Of course not, news can only be accurate or inaccurate. To me the term “fake news” applied to The Daily Show on Comedy Central, because it opened with a pretend news segment. But the public was in on the joke, just like a buyer is aware that he or she purchased a knockoff.
Unfortunately, Oxford Dictionary didn’t select “fake news” for its word of the year, but I got what I was looking for when Merriam-Webster Dictionary explained why the term “fake news” wouldn’t enter their dictionary anytime soon.
The technical reason was fake news is a self-explanatory compound noun—a combination of two distinct words, both well-known, which when used in combination yielded an easily understood meaning. Then Merriam-Webster clarified, “Fake news is, simply, news (material reported in a newspaper or news periodical or on a newscast) that is fake. (false, counterfeit)”
Here, the Merriam-Webster Dictionary interchanged fake and false when the other dictionary I used to define fake didn’t, but Merriam-Webster had a historical reason for their interchange.
Merriam-Webster claimed the term “fake news” isn’t new.
It’s been around since the 1890s. In 1891 the Buffalo Commercial stated, the public does not desire distortions of facts and enlargements of incidents; and it certainly has no genuine appetite for fake news.
Merriam-Webster also explained, one reason fake news is such a recent addition to our vocabulary is that the word “fake” is also fairly young. Fake was little used as an adjective prior to the late 18th century.

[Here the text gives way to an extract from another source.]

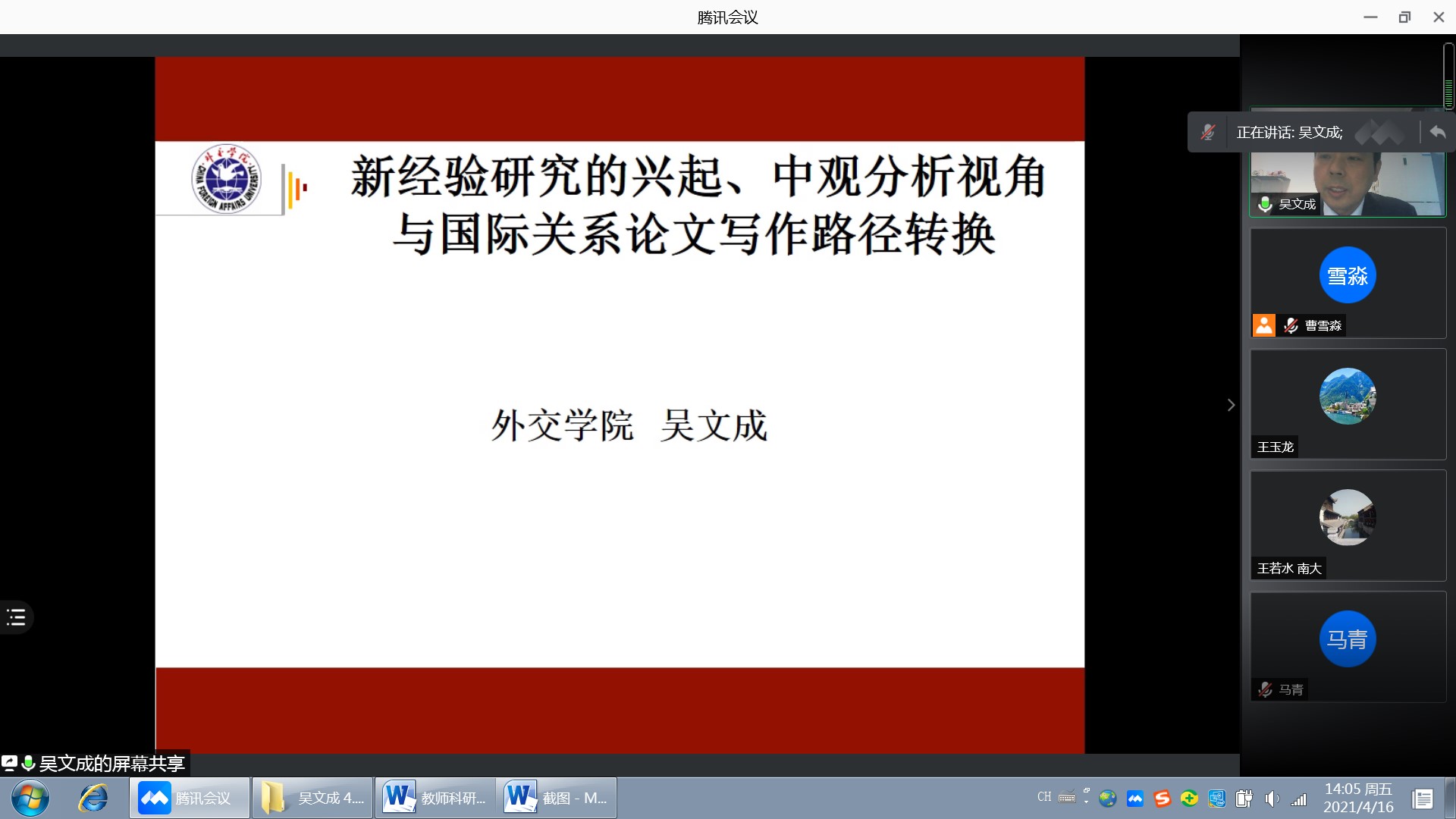 主办的教师科研水平提升计划第二十期活动在腾讯会议室举行。本次讲座邀请《外交评论》编辑部主任、清华大学《国际政治科学》编委、外交学院吴文成副教授担任主讲嘉宾,作题为“新经验研究的兴起、中观分析视角与国际关系论文写作路径转换”的学术讲座。国产色情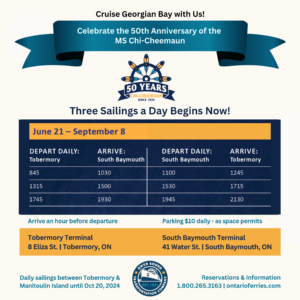 Chi-Cheemaun News: Three Sailings a Day Begins Today!

So, what adjective was used before the 1890s?
According to Merriam-Webster the common term was false news.
That provided some clarity until it was announced that the 2016 Oxford Dictionary word of the year was post-truth. Post-truth is defined as relating to circumstances in which objective facts are less influential in shaping public opinion than appeals to emotion and personal belief.
Truth is defined as in accordance with fact or reality, or, a fact or belief, that is accepted as true. Post-truth claims the second definition.
Earlier I said news could only be accurate or inaccurate, and if a news report is not in accordance with fact or reality then the Merriam-Webster Dictionary would call it false/fake news. But if the news reports a fact, accepted to be true, and the accepted fact isn’t in accordance with reality, is this false/fake news or is the news post-truth?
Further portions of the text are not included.